» **TASK TO CARRY OUT**
All lines from the one containing "在少女峰顶乘坐火车从格林德瓦一侧下山 火车到克莱纳谢德格(Kleine Scheidegg)转红色小火车到格林德瓦" through the end of the material are to be given back exactly, without pictures.

» **TASK MATERIAL**
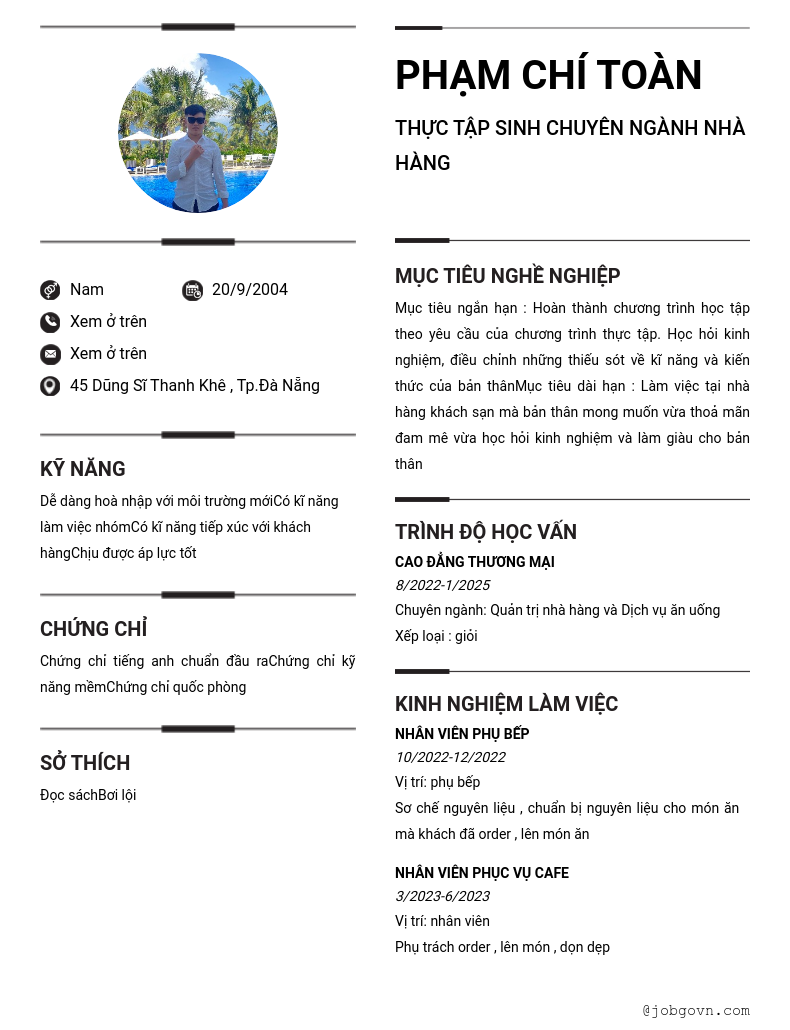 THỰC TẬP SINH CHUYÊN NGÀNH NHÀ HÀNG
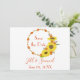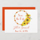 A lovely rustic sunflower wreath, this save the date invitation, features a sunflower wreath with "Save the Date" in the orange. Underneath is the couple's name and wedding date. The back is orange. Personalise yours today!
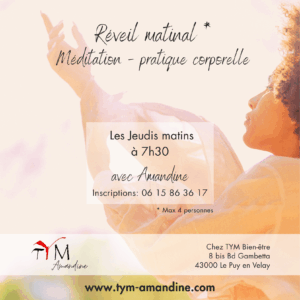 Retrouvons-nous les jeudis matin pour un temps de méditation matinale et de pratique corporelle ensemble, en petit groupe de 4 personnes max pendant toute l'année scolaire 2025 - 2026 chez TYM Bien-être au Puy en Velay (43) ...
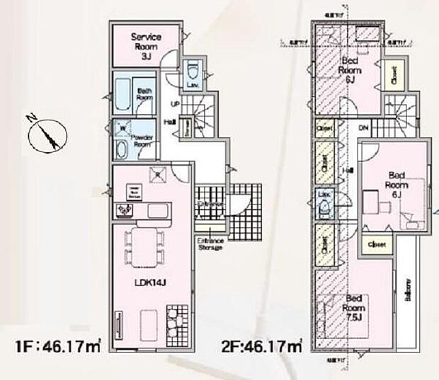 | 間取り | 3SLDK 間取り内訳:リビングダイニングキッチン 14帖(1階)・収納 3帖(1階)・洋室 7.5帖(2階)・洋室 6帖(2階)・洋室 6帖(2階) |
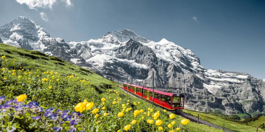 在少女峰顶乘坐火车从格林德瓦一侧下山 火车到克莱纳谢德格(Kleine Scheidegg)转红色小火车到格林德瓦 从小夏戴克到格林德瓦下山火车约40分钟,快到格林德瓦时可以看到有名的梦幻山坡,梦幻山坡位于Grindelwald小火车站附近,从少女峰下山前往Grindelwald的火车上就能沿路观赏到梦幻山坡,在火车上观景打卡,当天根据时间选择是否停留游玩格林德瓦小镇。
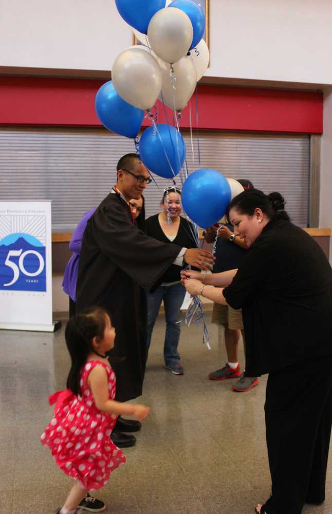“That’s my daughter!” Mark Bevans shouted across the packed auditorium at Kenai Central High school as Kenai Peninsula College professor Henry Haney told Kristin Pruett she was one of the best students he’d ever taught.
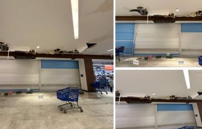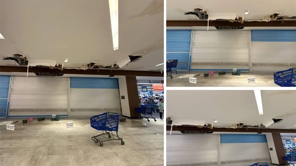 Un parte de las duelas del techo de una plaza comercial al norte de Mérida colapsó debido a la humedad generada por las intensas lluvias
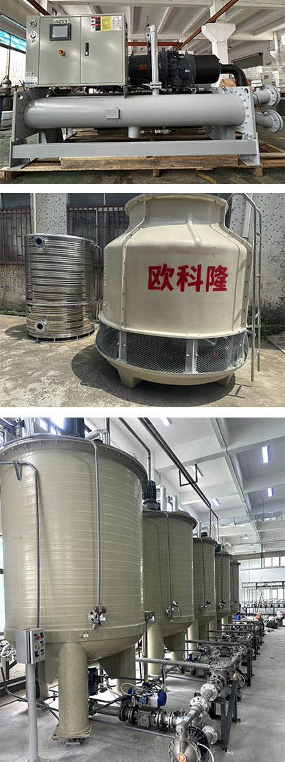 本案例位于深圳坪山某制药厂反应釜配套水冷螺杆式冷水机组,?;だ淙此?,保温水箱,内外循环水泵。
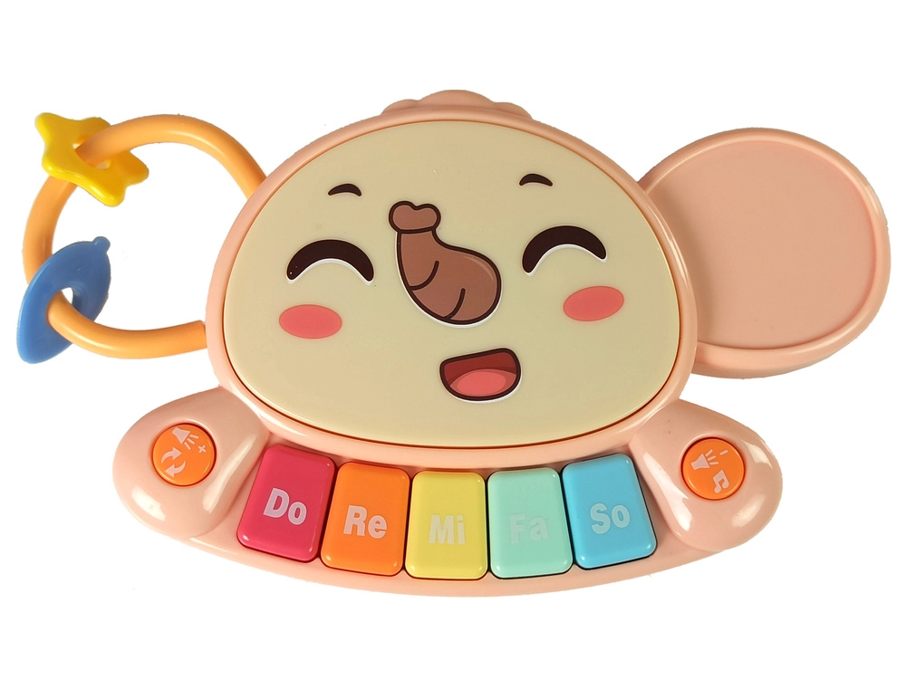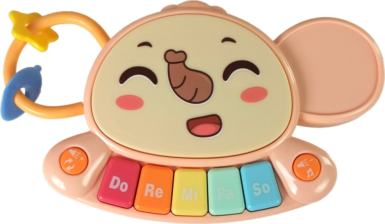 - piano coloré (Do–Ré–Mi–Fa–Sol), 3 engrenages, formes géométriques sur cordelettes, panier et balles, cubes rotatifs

» **RESPONSE TO THE TASK**
 在少女峰顶乘坐火车从格林德瓦一侧下山 火车到克莱纳谢德格(Kleine Scheidegg)转红色小火车到格林德瓦 从小夏戴克到格林德瓦下山火车约40分钟,快到格林德瓦时可以看到有名的梦幻山坡,梦幻山坡位于Grindelwald小火车站附近,从少女峰下山前往Grindelwald的火车上就能沿路观赏到梦幻山坡,在火车上观景打卡,当天根据时间选择是否停留游玩格林德瓦小镇。
“That’s my daughter!” Mark Bevans shouted across the packed auditorium at Kenai Central High school as Kenai Peninsula College professor Henry Haney told Kristin Pruett she was one of the best students he’d ever taught.
 Un parte de las duelas del techo de una plaza comercial al norte de Mérida colapsó debido a la humedad generada por las intensas lluvias
 本案例位于深圳坪山某制药厂反应釜配套水冷螺杆式冷水机组,?;だ淙此?,保温水箱,内外循环水泵。
 - piano coloré (Do–Ré–Mi–Fa–Sol), 3 engrenages, formes géométriques sur cordelettes, panier et balles, cubes rotatifs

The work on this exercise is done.